The ‘Don’t Blame Me, I Didn’t Say It’ of the Day
Now, you might be thinking Livae had a nice spa retreat or turned off all digital devices for the weekend.
Livae and another man from the Solomon Islands were lost at sea for twenty-nine days before being rescued nearly 250 miles away from where they started.
You know the world is in a pretty bad state when being on a small boat with another dude for nearly a month is summed up as “a nice break.”
My high school was, in general, not a good place. I have some fantastic memories from those years with people who, though I have lost close touch with basically all, helped mold many of my better traits. But when you say your high school was cliquish and filled with people who weren’t exactly into building up their fellow humans, I’ll simply say: Hold my beer while I tell you about my high school.
That said, there were people who seemed to transcend the cliquishness and actually reach across these pre-determined groups that were based largely on socioeconomic status, athletic ability, perceived attractiveness and ancestry. I’d like to think people saw me as one of those people, because that’s how I saw myself.
When I look back, I think of Charlie as another.
Charlie was uber-talented as an actor even then. I remember the general schoolwide uproar when this kid Josh was cast in the lead of the school play “Grease,” because it was so obviously made for Charlie. I don’t know what he felt inside when that happened because he and I weren’t close, but I do know he went out and nailed the role he had, and besides my high school best friend’s smaller part in the play, it’s what I remember most to this day.

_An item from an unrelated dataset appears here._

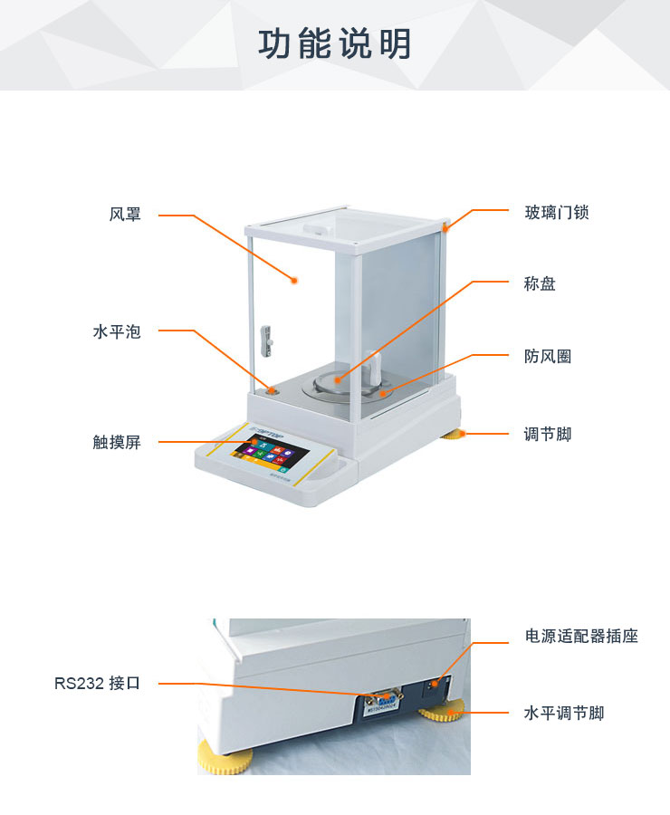 7. 玻璃門運輸保護鎖:有效的提供天平的運輸保護。

Through the years, I’ve thought about Charlie and kept in touch with him somewhat on Facebook. I’ve often thought that he’s the guy from my high school I would most want to be friends with today. I watched as Charlie went on to play the role of Officer Steve Gusler in Third Watch. And now he’s gone and done a thing. He wrote, directed and produced a short film called Weee Wooo, and when I reached out to ask him about it, he shared it with me with instructions to watch it at night with the lights off and the sound turned up on a TV and not a phone or tablet.

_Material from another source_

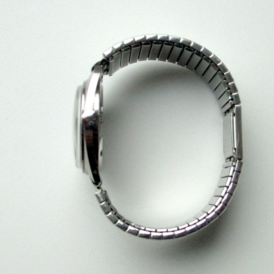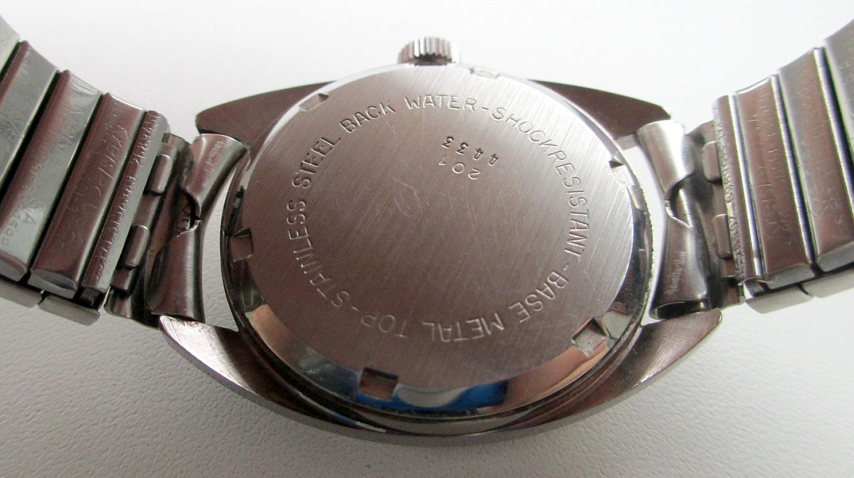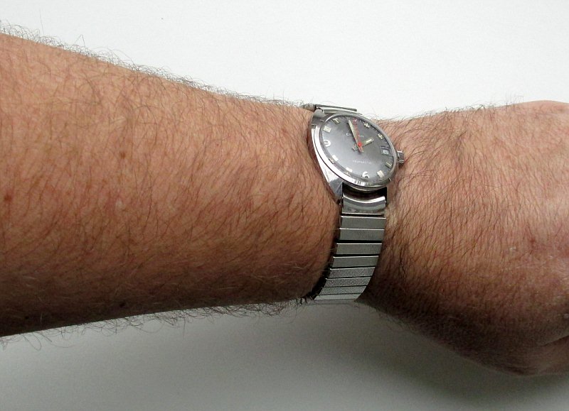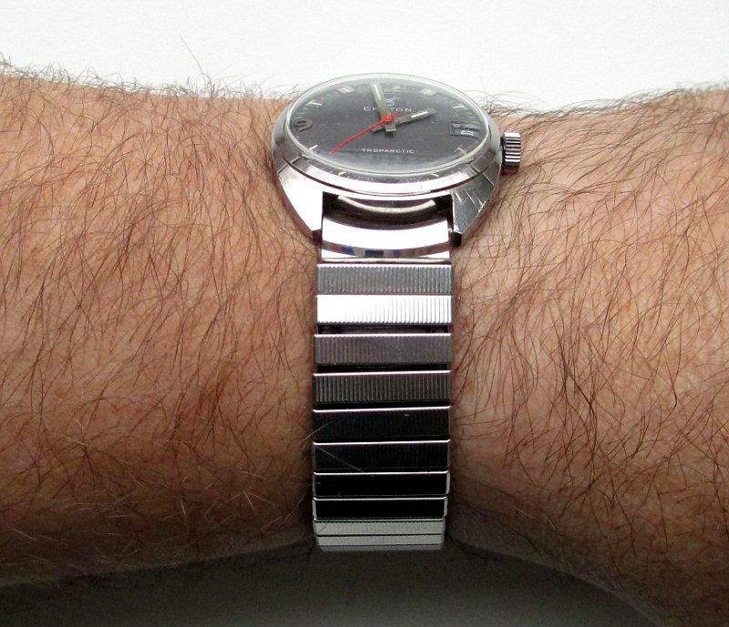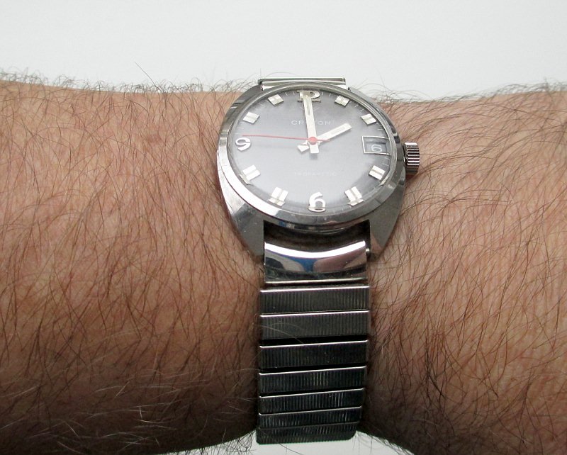 Относительно возраста часов соображения у меня такие. Во-первых, они относятся к швейцарскому периоду фирмы Croton, то есть до начала 1990-х. С другой стороны, стекло в них минеральное, а не акриловое - стало быть, уже не 60-е или 70-е, а 80-е годы. Но с третьей стороны, стекло еще не заподлицо с корпусом, а выступает миллиметра на три - значит, скорее, начало 80-х. Для столь почтенного возраста состояние часов удивительно хорошее. Следы эксплуатации сводятся к малозаметным царапинкам и потертостям в обычных местах на стекле, задней крышке, кассете с календариками на браслете - подробнее см. фотки. Эластичные стальные браслеты обычно соскребают с руки владельца и хранят в себе тонны грязи - у этих часов ничего подобного, браслет идеально чистый, как будто его носил робот. Идут часы точно и ровно, дата переводится без проблем. Полного завода, как положено, хватает примерно на полтора дня.

Weee Wooo does in 10 minutes what most modern horror/suspense feature films don’t do in an hour and a half. He manages to ratchet up the tension so slowly and steadily with expert film work and deft use of music and sounds that I found myself holding my breath only to let out a “Goddamnit Charlie!” at a jump-scare about halfway through. Wifey Poo isn’t a huge fan of the genre, but she agreed to watch it with me. How do I know she thought it hit the mark? If something is really good and scary, she’ll watch it buried in a blanket with only her eyes peeking out. That’s exactly how she was with Weee Wooo.

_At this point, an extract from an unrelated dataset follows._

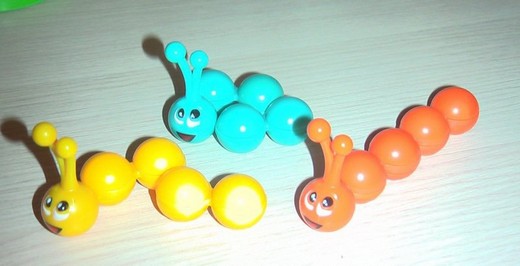 - 3 разноцветных червячка (оранжевый, синий, желтый)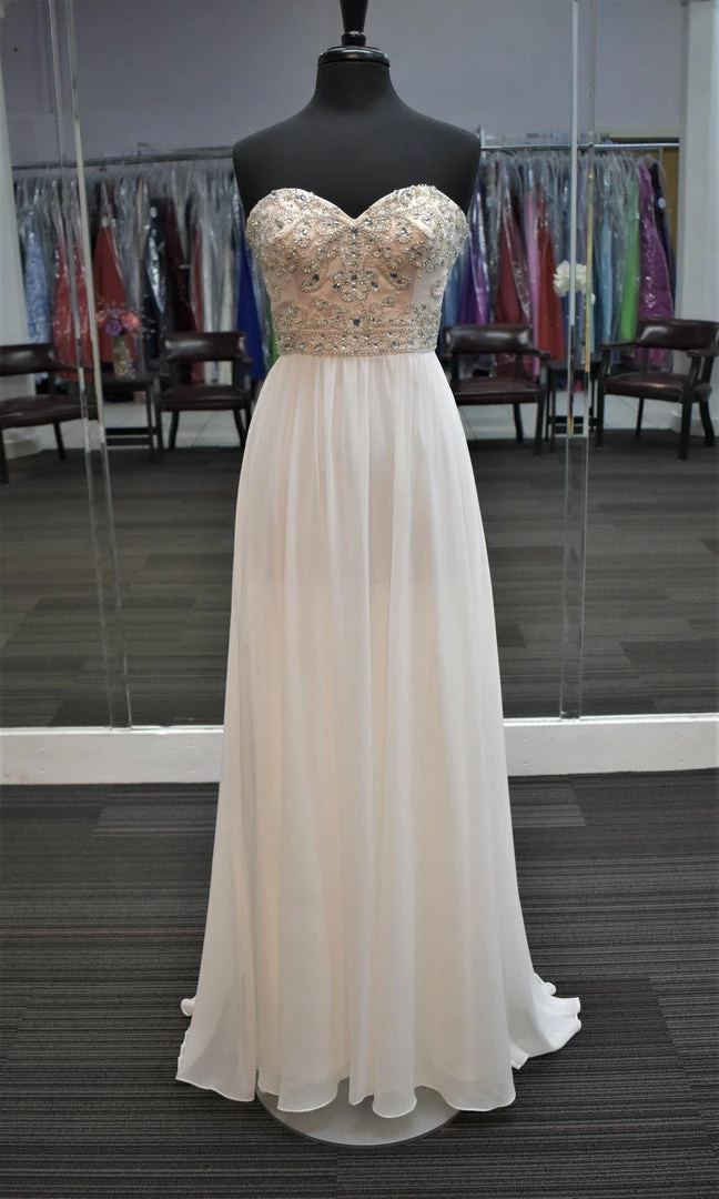 Envious Couture 16070Â Â Nude embellished sweetheart neckline bodice with flowy chiffon white skirt perfect for informal wedding or your prom dress.Â

I’m proud of Charlie. His film is making the rounds with a bunch of film festivals and award shows. I hope one of them takes him to St. Louis.
Today’s Reasons to Keep Living
- The Chiefs play tomorrow night against the Bills. Methinks the men in red will be 2-3 by the time I wake up in the morning.
- One more of these annoyingly hot October days to get through before some semblance of a fall returns. Seriously, people… you and your damn global warming.